### Source data
*****
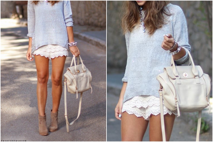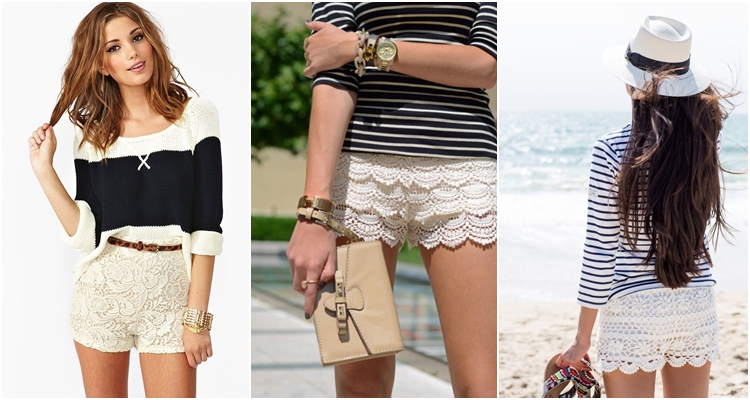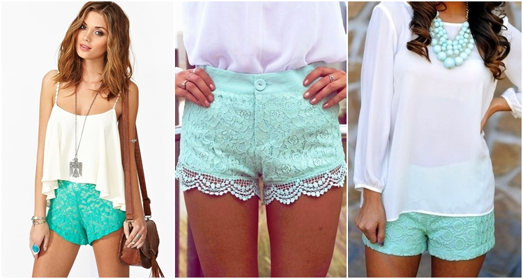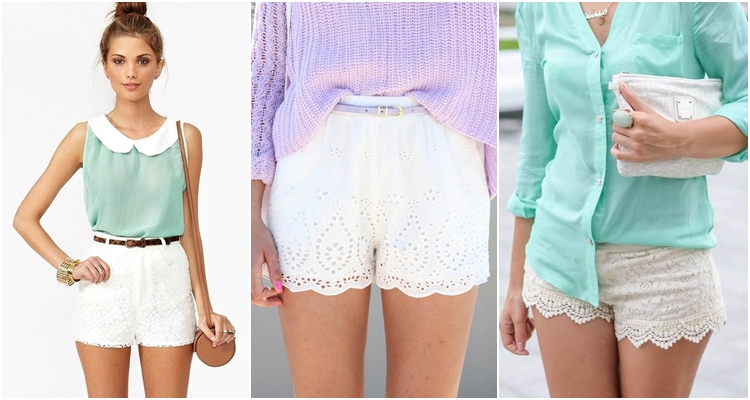กางเกงขาสั้นแบบลูกไม้ทำให้ผู้หญิงดูเป็นผู้หญิงมากขึ้น กางเกงขาสั้นสีขาว จับคู่กับเสื้อโทนสีพาสเทล ทำให้ดูเย็นตาอีกด้วย
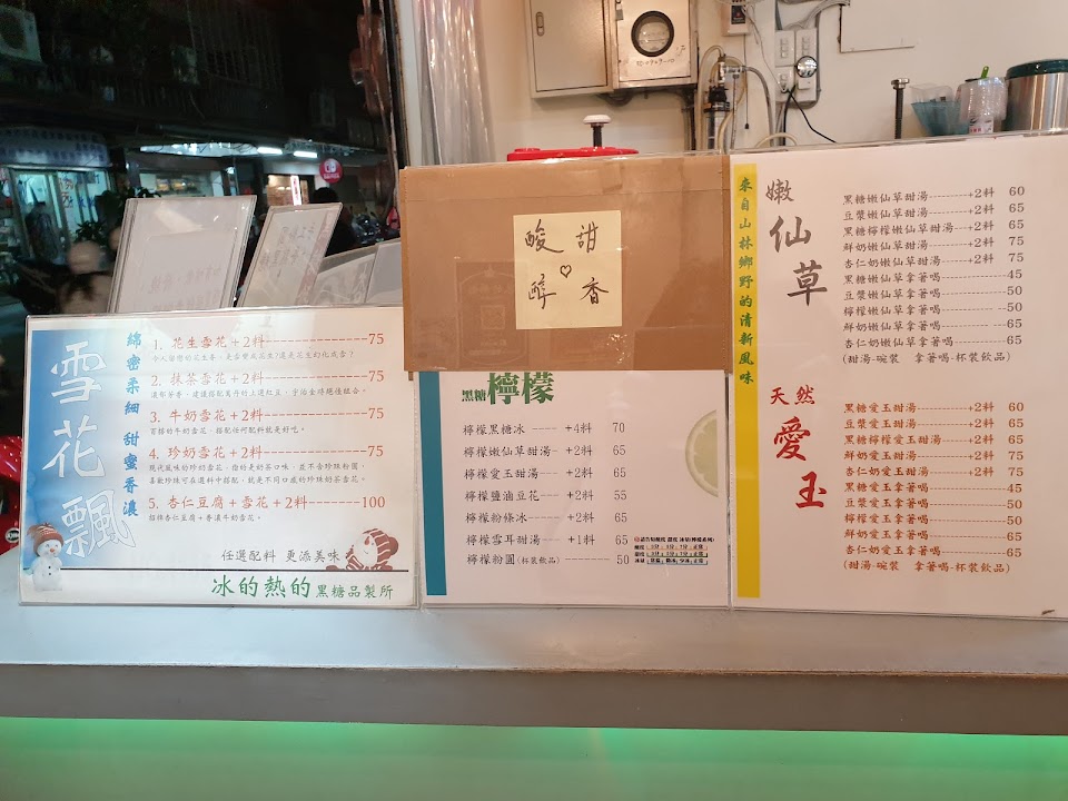 杏仁豆腐、黑糖粉粿都很好吃!地瓜圓跟芋園也很Q,簡單來說,冰品並不特別,店面也不花俏,走的是實在路線,各式配料都挺不錯的,可以感受到老闆的用心。也謝謝老闆對第一次吃的客人特別招待~
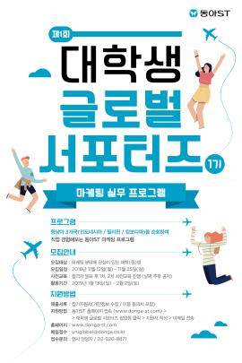 [프라임경제] 동아에스티(70900·대표이사 회장 엄대식)는 오는 12일부터 마케팅 실무 프로그램 '대학생 글로벌 서포터즈 1기(Dong-A Global Supporters)' 참가자를 모집한다고 9일 밝혔다.
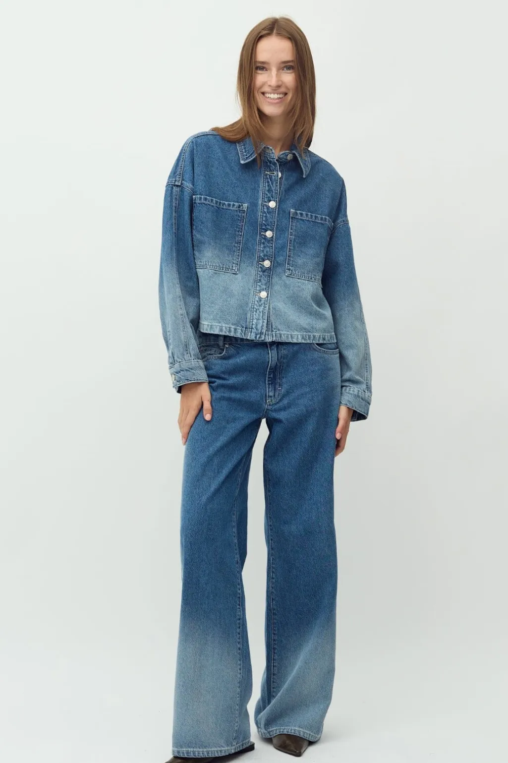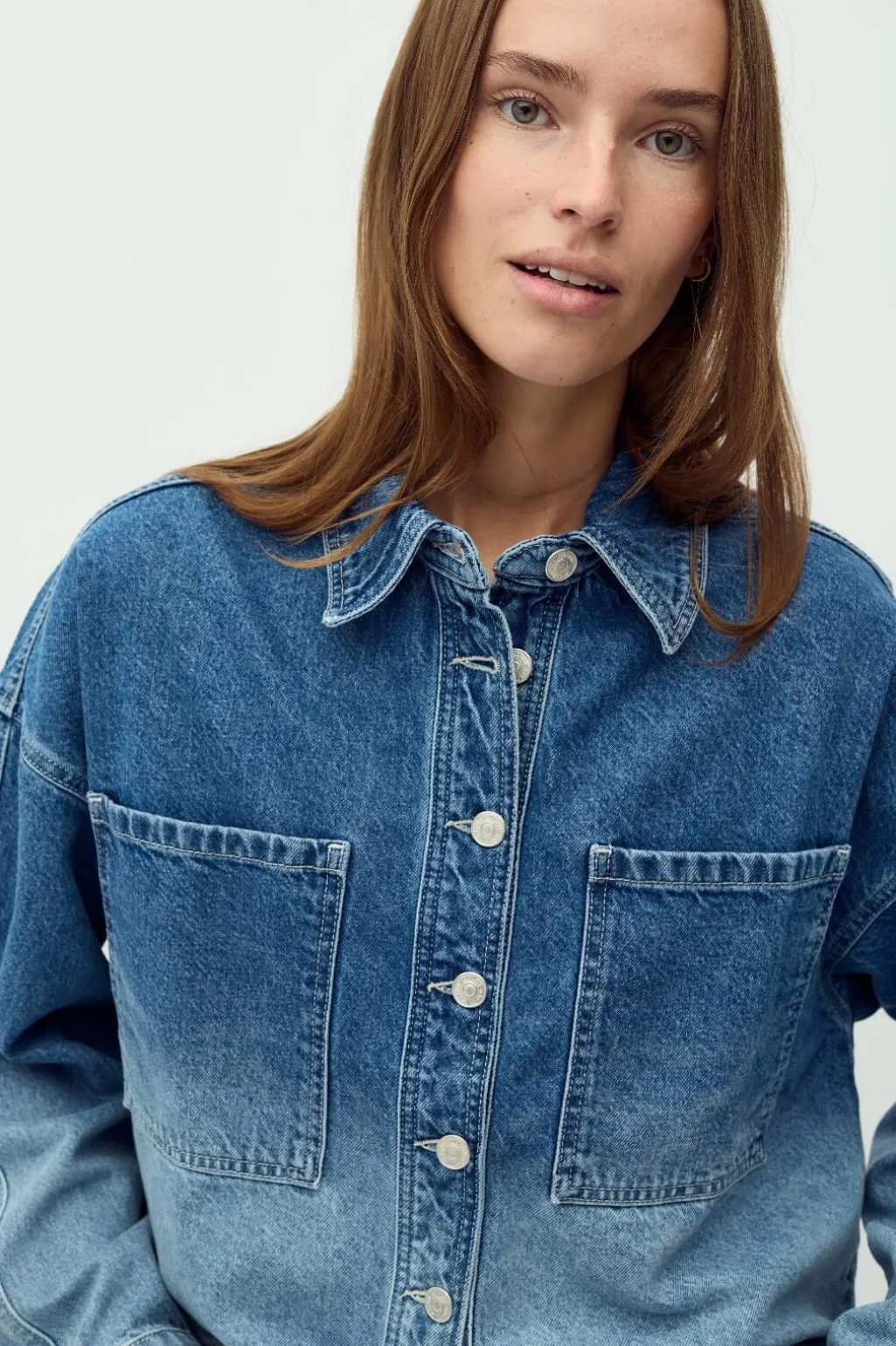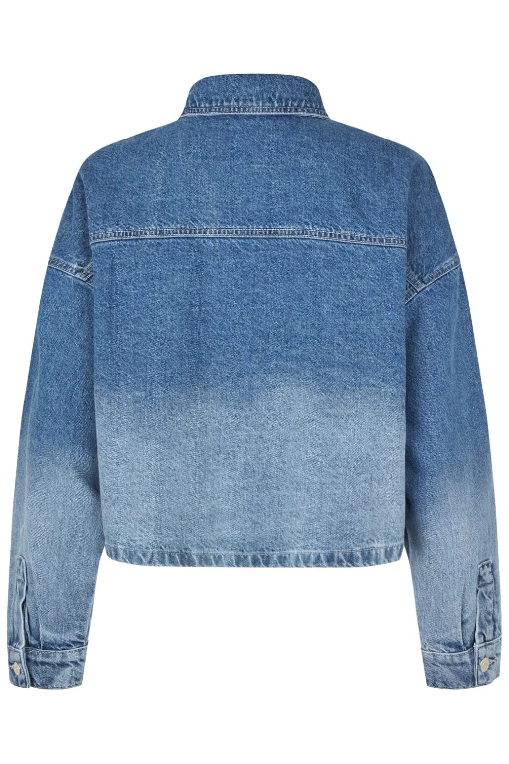 Denimjakke fra MbyM i en falmet denimvask. Jakken har skjortekrave, lange ærmer og knapper foran. To store lommer på forsiden giver jakken et klassisk denimlook.
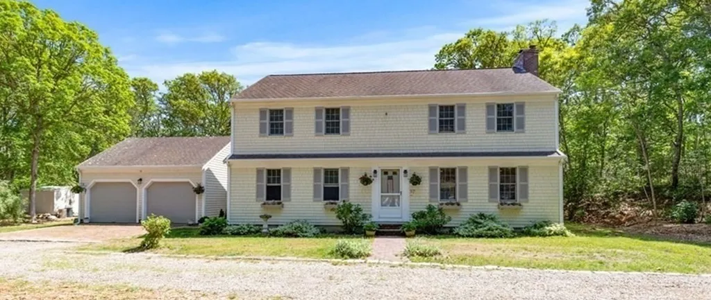 Situated on a sprawling lot affording complete privacy. This elegant home boasts a spacious floorplan featuring an inviting open concept living and dining room with a brick wood burning fireplace plus an adjoining multi-use all season sunroom with skylights for extended entertaining. Eat-in kitchen with new black stainless steel appliances that opens to an oversized deck, first floor master bedroom with en-suite bath, mud room with laundry, powder room and an attached two car garage complete the first level. The second level includes three generously sized bedrooms, a family room with skylight and an oversized bath. Hardwood floors throughout this home. The expansive flat yard with outdoor shower offers endless possibilities with plenty of room for a pool. Ideal central location just a short distance to Bank Street beach, Harwichport Center and everything Cape Cod has to offer.
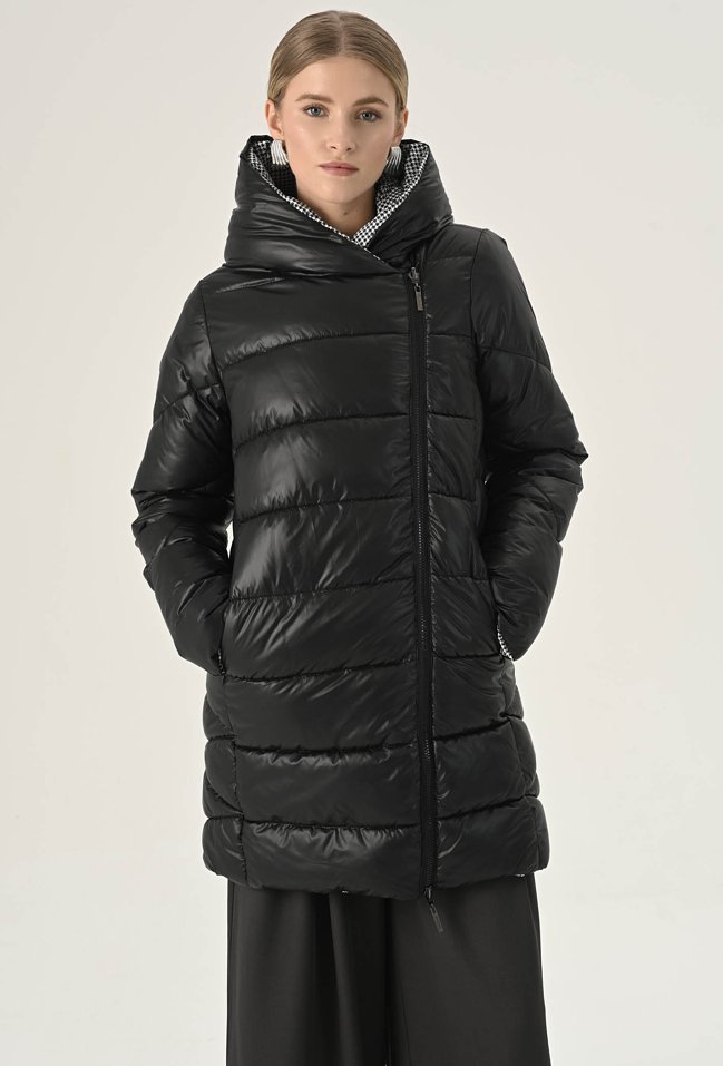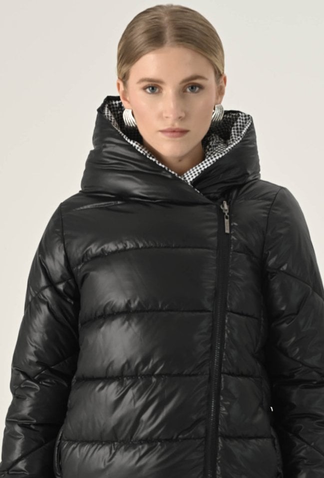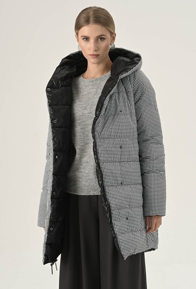 Dłuższa kurtka z pikowaniem oraz kapturem. Kurtkę można nosić dwustronnie jako czarną lub w pepitkę . Posiada długie rękawami i wpuszczane kieszenie, Czarna strona na froncie kurtki zapinana jest na suwak natomiast strona w peitkę na froncie ma zatrzaski a suwak w środku. Model ten z pewnością dopełni codzienne, jesienne stylizacje. Modelka na zdjęciu ma 177 cm wzrostu i prezentuje rozmiar 36.
*****
### Problem statement
All entries should be given again exactly, except that pictures are to be excluded.

### Completed exercise
กางเกงขาสั้นแบบลูกไม้ทำให้ผู้หญิงดูเป็นผู้หญิงมากขึ้น กางเกงขาสั้นสีขาว จับคู่กับเสื้อโทนสีพาสเทล ทำให้ดูเย็นตาอีกด้วย
 杏仁豆腐、黑糖粉粿都很好吃!地瓜圓跟芋園也很Q,簡單來說,冰品並不特別,店面也不花俏,走的是實在路線,各式配料都挺不錯的,可以感受到老闆的用心。也謝謝老闆對第一次吃的客人特別招待~
 [프라임경제] 동아에스티(70900·대표이사 회장 엄대식)는 오는 12일부터 마케팅 실무 프로그램 '대학생 글로벌 서포터즈 1기(Dong-A Global Supporters)' 참가자를 모집한다고 9일 밝혔다.
 Denimjakke fra MbyM i en falmet denimvask. Jakken har skjortekrave, lange ærmer og knapper foran. To store lommer på forsiden giver jakken et klassisk denimlook.
 Situated on a sprawling lot affording complete privacy. This elegant home boasts a spacious floorplan featuring an inviting open concept living and dining room with a brick wood burning fireplace plus an adjoining multi-use all season sunroom with skylights for extended entertaining. Eat-in kitchen with new black stainless steel appliances that opens to an oversized deck, first floor master bedroom with en-suite bath, mud room with laundry, powder room and an attached two car garage complete the first level. The second level includes three generously sized bedrooms, a family room with skylight and an oversized bath. Hardwood floors throughout this home. The expansive flat yard with outdoor shower offers endless possibilities with plenty of room for a pool. Ideal central location just a short distance to Bank Street beach, Harwichport Center and everything Cape Cod has to offer.
 Dłuższa kurtka z pikowaniem oraz kapturem. Kurtkę można nosić dwustronnie jako czarną lub w pepitkę . Posiada długie rękawami i wpuszczane kieszenie, Czarna strona na froncie kurtki zapinana jest na suwak natomiast strona w peitkę na froncie ma zatrzaski a suwak w środku. Model ten z pewnością dopełni codzienne, jesienne stylizacje. Modelka na zdjęciu ma 177 cm wzrostu i prezentuje rozmiar 36.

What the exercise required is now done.